While the overall numbers of new patients entering the system would suggest that nephrologists did not deviate from historical prescriptions despite an upcoming pandemic, other variables are a factor in the analysis. Indeed, physicians did suggest and encourage patients to dialyze at home to prevent a possible exposure to COVID-19. The issue did not settle with the prescription, but rather the support in the home setting . Since patients are truly on their own, but need someone to assist in the treatment, many patients simply returned to in-center dialysis due to lack of support or an uneasiness of conducting peritoneal or home hemodialysis outside of a clinic. As a result, numbers reflected are not a complete accounting of what physicians were prescribing. Rather, the shifting patients from one modality to another presents a clearer picture of how the treatment regime is either a benefit or hinderance to a patient.

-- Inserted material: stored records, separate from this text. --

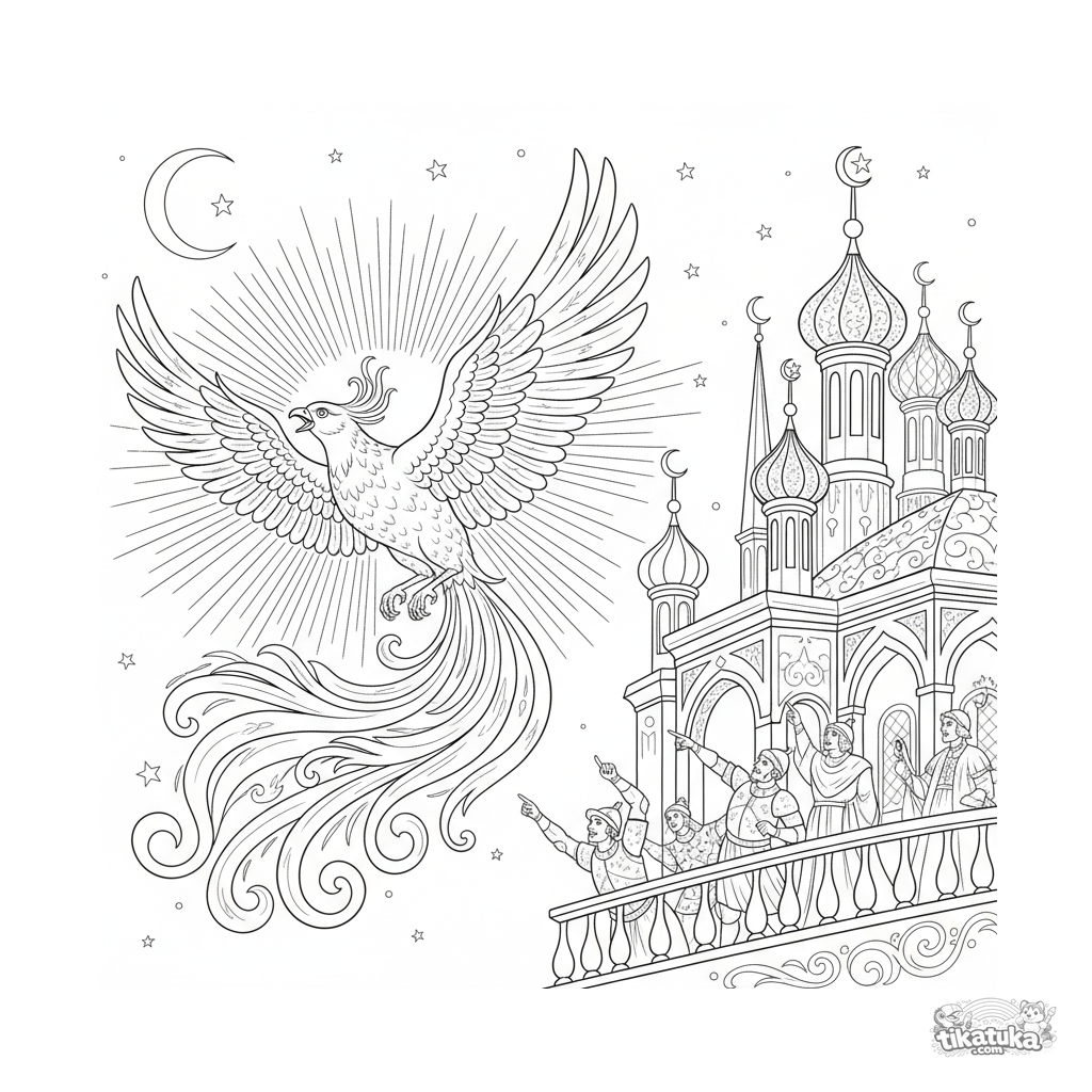 Ausmalbild mit dem Feuervogel, der über den Zarenpalast am Nachthimmel fliegt. Für ältere Kinder von 7-12 Jahren. Eine detaillierte und magische Szene aus einem russischen Märchen.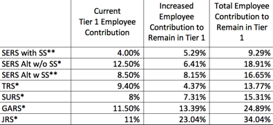 * Click here for Leader Cross’ fact sheet. Click here to read the proposal itself. These are the current employee contribution levels, proposed Tier 1 increases and final proposed contribution rates. Click the pic for a larger image and alternative system contribution rates…
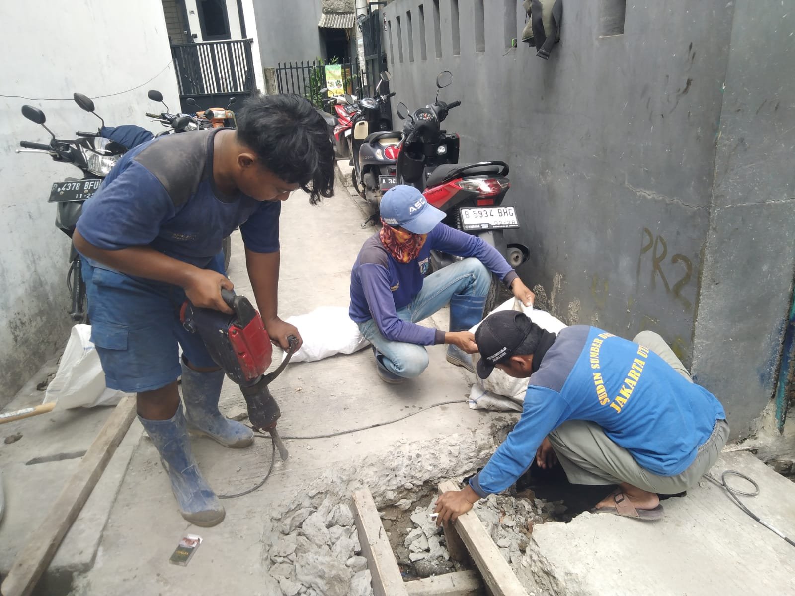 Pendi mengatakan pengerjaannya dilakukan oleh sembilan orang petugas SDA Kecamatan Penjaringan.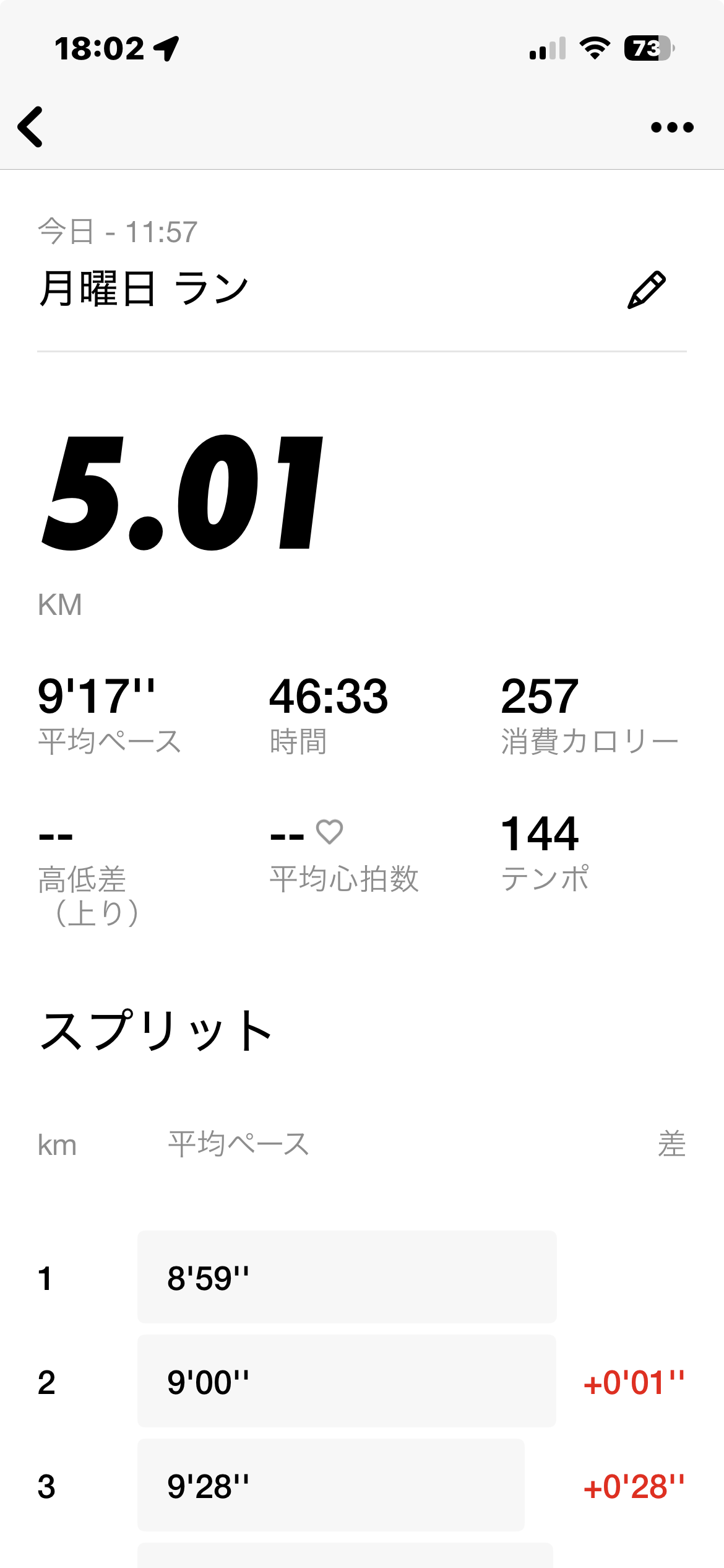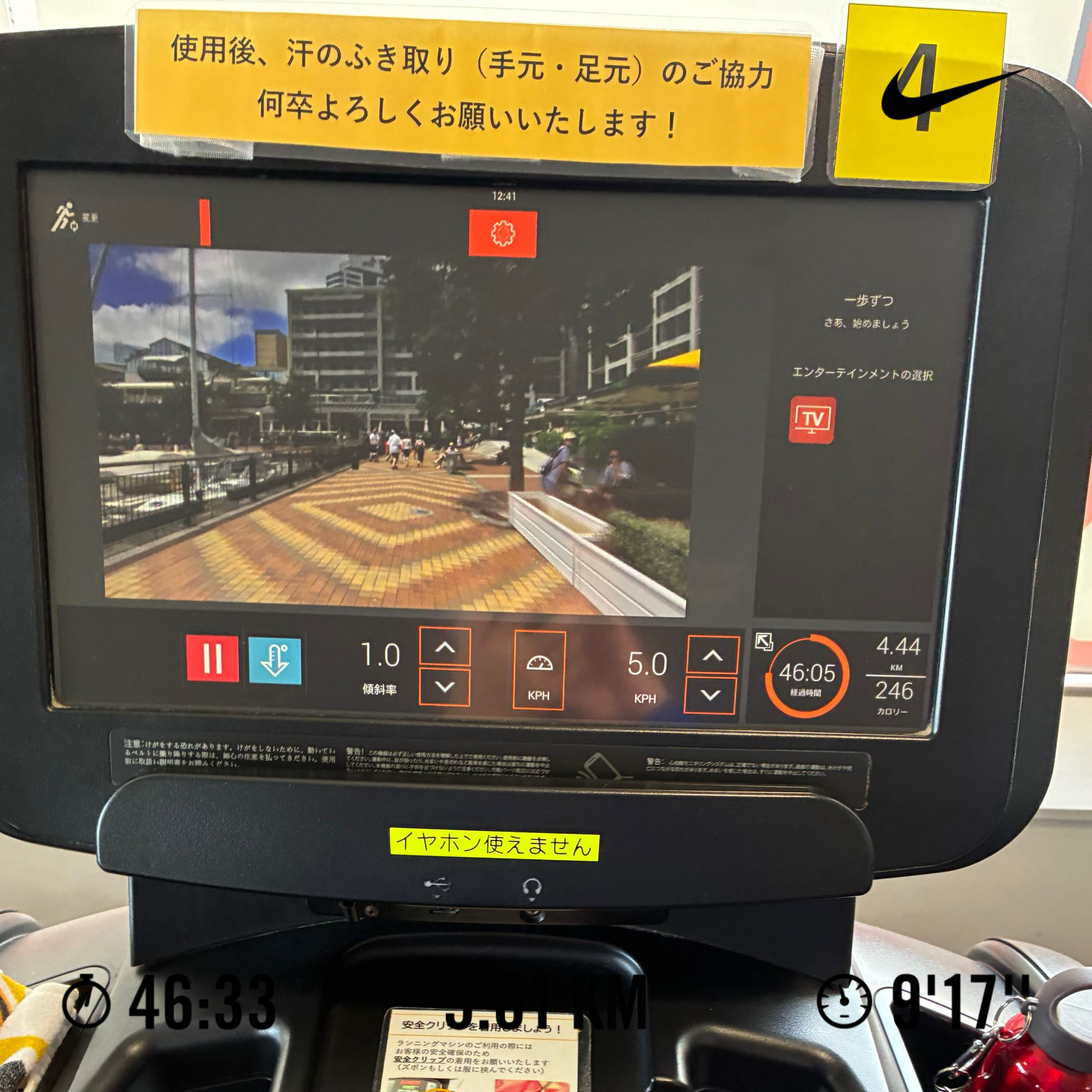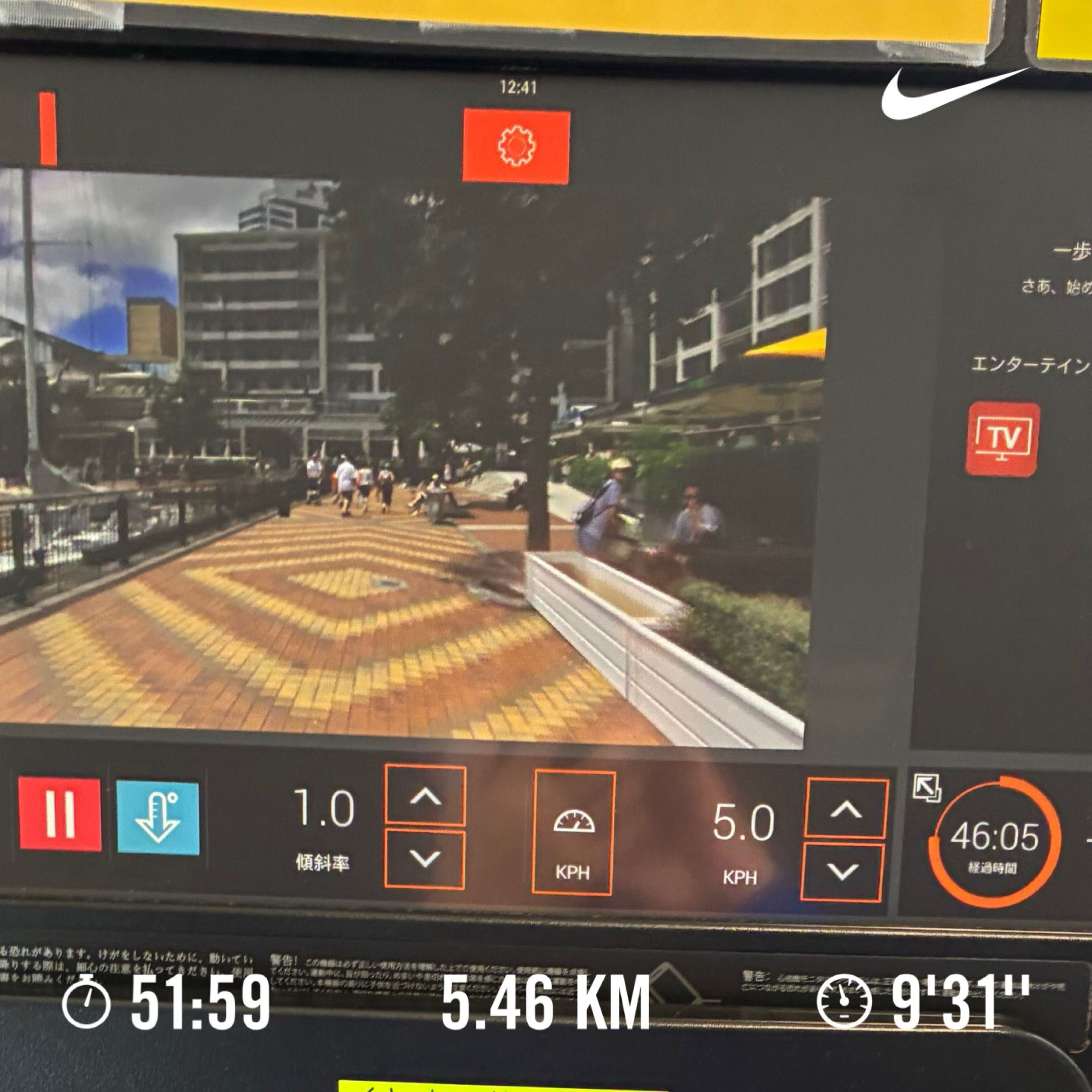 トレッドミル:46分、距離:5km、ペース:キロ9分17秒

Even the best of intentions may fail without the proper patient treatment environment.
It had always been thought that the reason why home therapies were lagging in patient numbers was a lack of support from the nephrology community. This is partially true with medical training for home therapies relatively limited for young nephrologists. However, if home therapies are an important component to the patient population, more effort needs to be concentrated on both the nephrologist as well as the support network required by every patient.
It is not an understatement that home therapies have been lacking in the United States over the past forty years. While the technology has improved significantly during this timeframe making machines more user friendly, what is lacking is a basic understanding of the patient and their respective environment. Of all times to be tested, a global pandemic, the treatment option was available, but without the support, failed to protect both the patient and diminish the spread of the disease within the renal community.

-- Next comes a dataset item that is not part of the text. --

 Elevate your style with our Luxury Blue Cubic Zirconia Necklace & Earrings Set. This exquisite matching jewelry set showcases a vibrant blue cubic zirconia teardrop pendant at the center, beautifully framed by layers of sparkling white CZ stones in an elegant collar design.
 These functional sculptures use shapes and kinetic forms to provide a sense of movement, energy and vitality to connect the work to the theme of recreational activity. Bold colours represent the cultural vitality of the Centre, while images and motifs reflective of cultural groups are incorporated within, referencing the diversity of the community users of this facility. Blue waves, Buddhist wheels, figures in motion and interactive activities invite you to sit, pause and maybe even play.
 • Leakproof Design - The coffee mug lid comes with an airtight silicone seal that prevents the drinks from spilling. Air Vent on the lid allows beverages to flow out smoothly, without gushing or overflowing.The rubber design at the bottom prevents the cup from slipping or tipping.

Reports on an annual basis often quote significant increases in home therapies, but these are small number of patients divided into a small patient base. Overall, peritoneal and home hemo still remain a very small percentage of the total renal population hovering at the same levels for more than three decades. Medicare in controlling the cost of dialysis patients must do so through prevention. For home hemodialysis and peritoneal dialysis to work, support needs to be provided to ensure both patient safety and keeping the option available to renal patients. Transplant recipients, also need support for those that can no longer afford their immunosuppressive drugs resulting into transplant failure requiring in-center treatment after an expensive transplant procedure had been conducted.
Lastly, an evaluation into the entire industry needs to be conducted given the pure size of the two controlling entities providing treatments. Does the oligopoly benefit patients for the cost paid by taxpayers? Given the benefits that patients may receive under an underutilized home therapy be controlled by two companies when some small providers have fully used these treatment modalities.
As a challenging time has thrown the globe into a crisis situation with the treatment of patients, the one upside is that these issues have come to the surface and require immediate attention to keep quality high and prevent patients from undergoing this life saving treatment if it can certainly be delayed.